→ **Information provided**:
▽

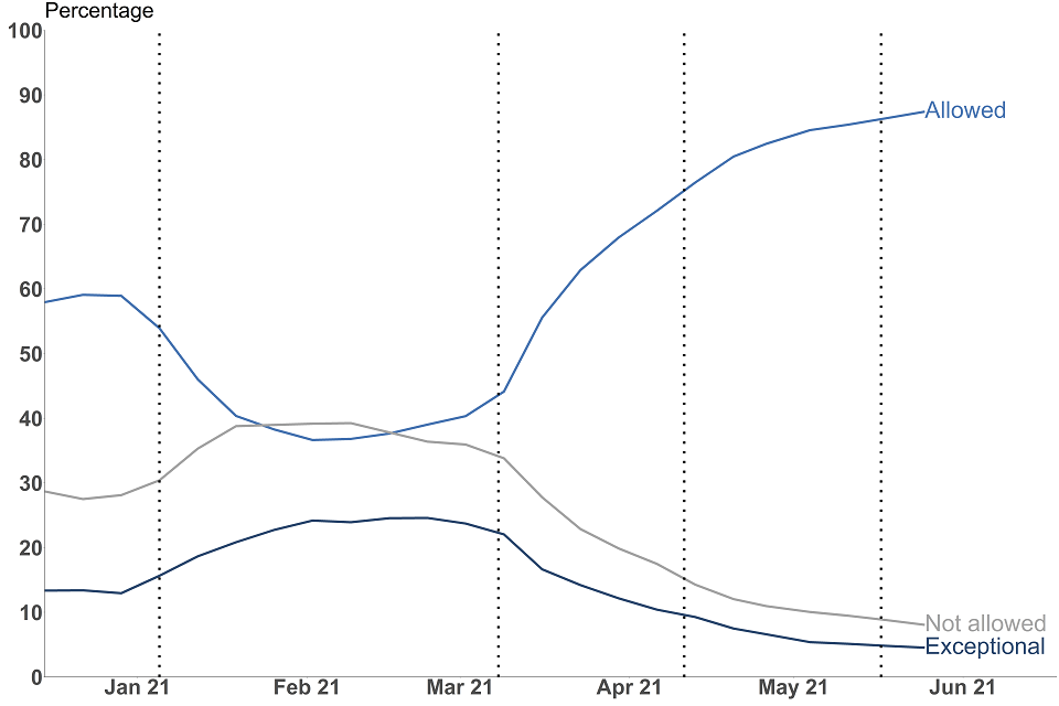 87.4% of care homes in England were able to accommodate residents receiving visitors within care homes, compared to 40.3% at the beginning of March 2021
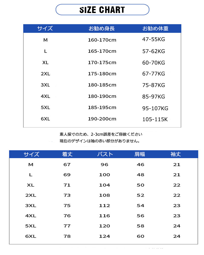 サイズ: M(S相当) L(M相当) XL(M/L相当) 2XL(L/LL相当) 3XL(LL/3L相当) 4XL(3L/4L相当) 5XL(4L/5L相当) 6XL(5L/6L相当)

△
▽

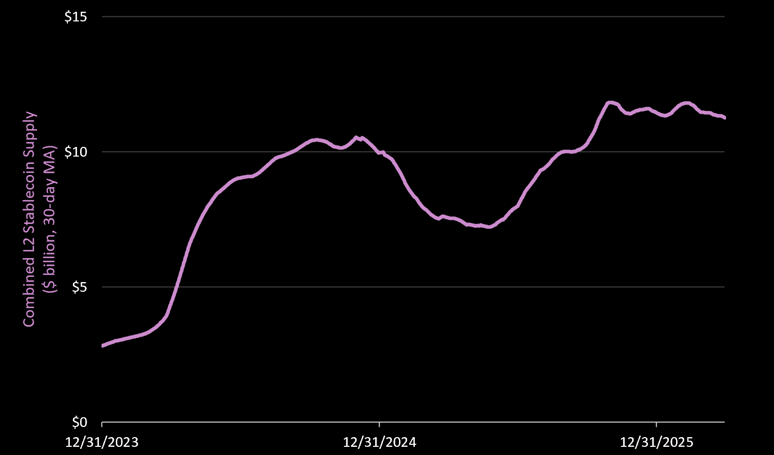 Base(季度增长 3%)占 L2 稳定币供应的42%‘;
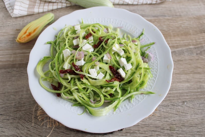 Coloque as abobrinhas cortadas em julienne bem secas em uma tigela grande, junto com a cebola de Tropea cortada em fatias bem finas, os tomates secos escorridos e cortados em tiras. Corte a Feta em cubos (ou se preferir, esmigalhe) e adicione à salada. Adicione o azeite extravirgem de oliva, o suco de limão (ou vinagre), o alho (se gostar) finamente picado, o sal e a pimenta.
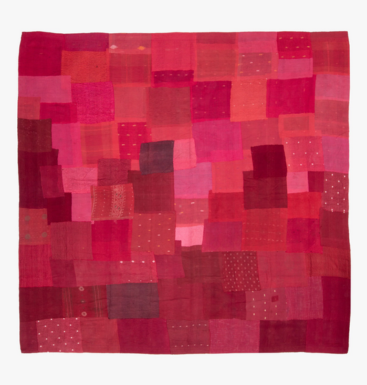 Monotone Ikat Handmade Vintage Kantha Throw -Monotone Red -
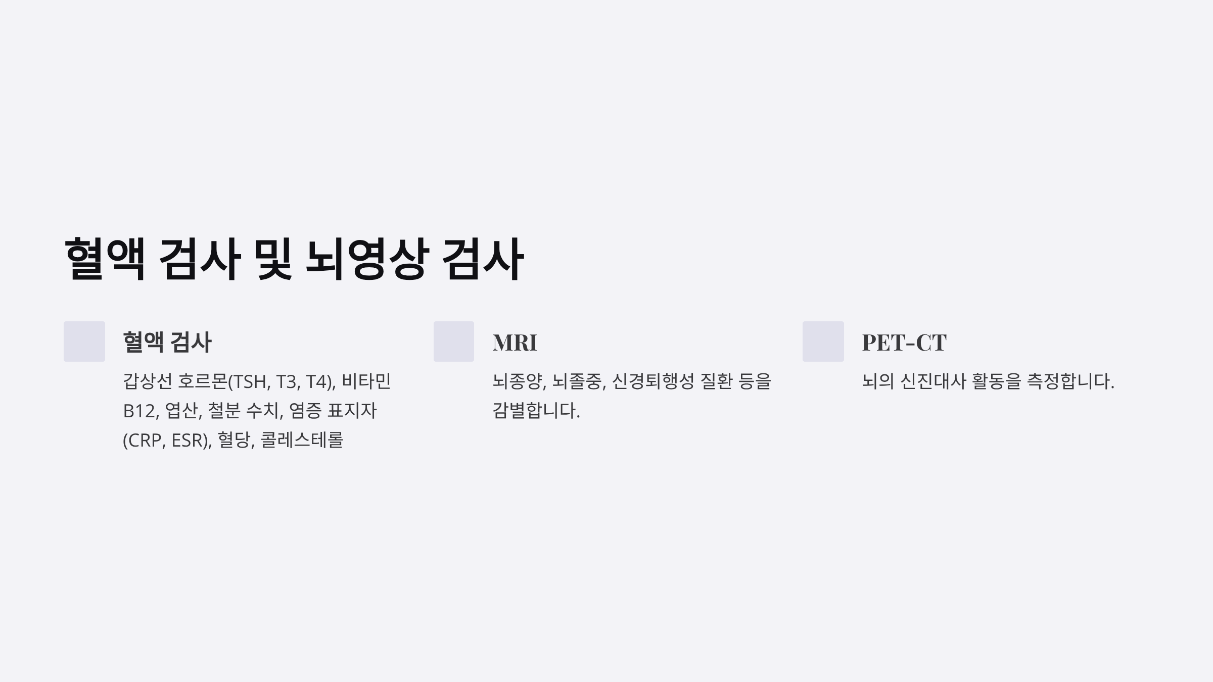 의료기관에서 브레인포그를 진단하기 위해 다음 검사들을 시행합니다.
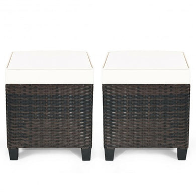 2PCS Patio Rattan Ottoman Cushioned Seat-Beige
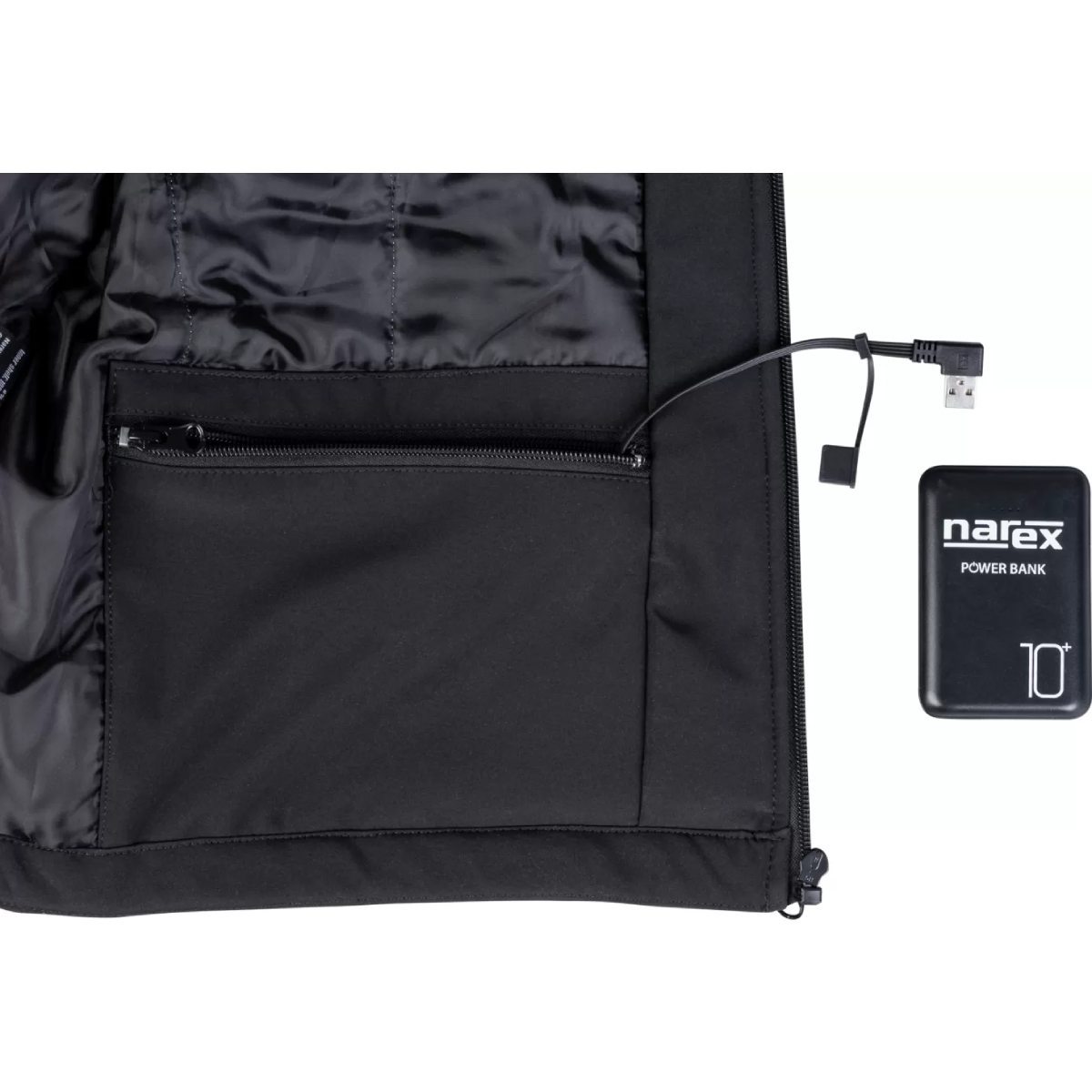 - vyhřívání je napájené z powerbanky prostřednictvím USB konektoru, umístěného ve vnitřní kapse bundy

△
▽

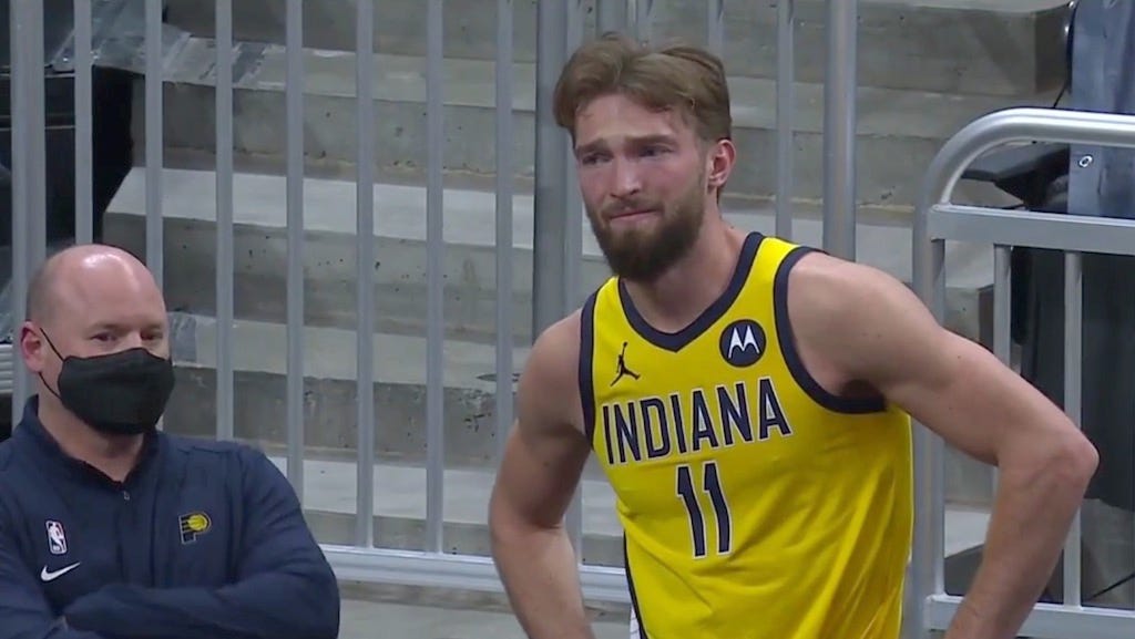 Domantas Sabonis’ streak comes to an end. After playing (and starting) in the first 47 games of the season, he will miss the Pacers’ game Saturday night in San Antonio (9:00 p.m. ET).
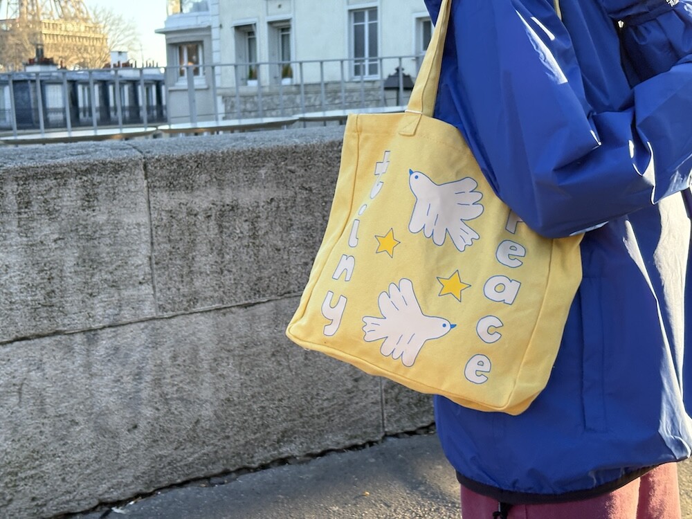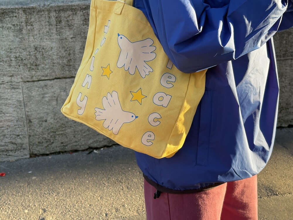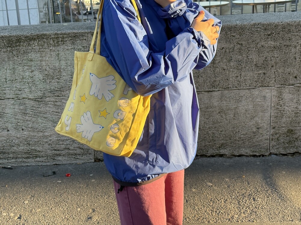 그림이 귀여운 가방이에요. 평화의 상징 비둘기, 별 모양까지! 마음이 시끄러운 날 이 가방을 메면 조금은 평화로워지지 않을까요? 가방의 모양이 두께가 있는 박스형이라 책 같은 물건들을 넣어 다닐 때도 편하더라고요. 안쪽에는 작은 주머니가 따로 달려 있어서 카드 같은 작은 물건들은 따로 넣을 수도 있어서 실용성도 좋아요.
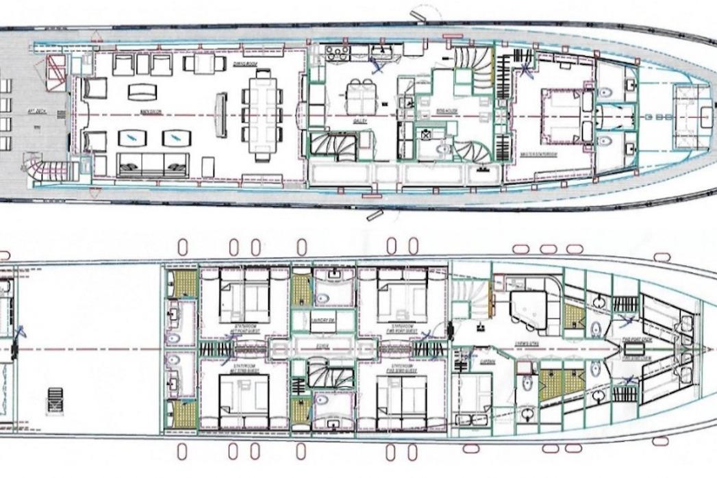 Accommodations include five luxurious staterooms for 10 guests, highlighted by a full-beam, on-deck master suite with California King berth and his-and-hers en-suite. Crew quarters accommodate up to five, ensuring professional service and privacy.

△

→ **What is being asked**: Using the records above, return word for word the lines that begin at the one containing "87.4% of care" and end at the one containing "サイズ: M(S相当) L(M相当)", both of them included and no pictures.

→ **Solution to this exercise**:
 87.4% of care homes in England were able to accommodate residents receiving visitors within care homes, compared to 40.3% at the beginning of March 2021
 サイズ: M(S相当) L(M相当) XL(M/L相当) 2XL(L/LL相当) 3XL(LL/3L相当) 4XL(3L/4L相当) 5XL(4L/5L相当) 6XL(5L/6L相当)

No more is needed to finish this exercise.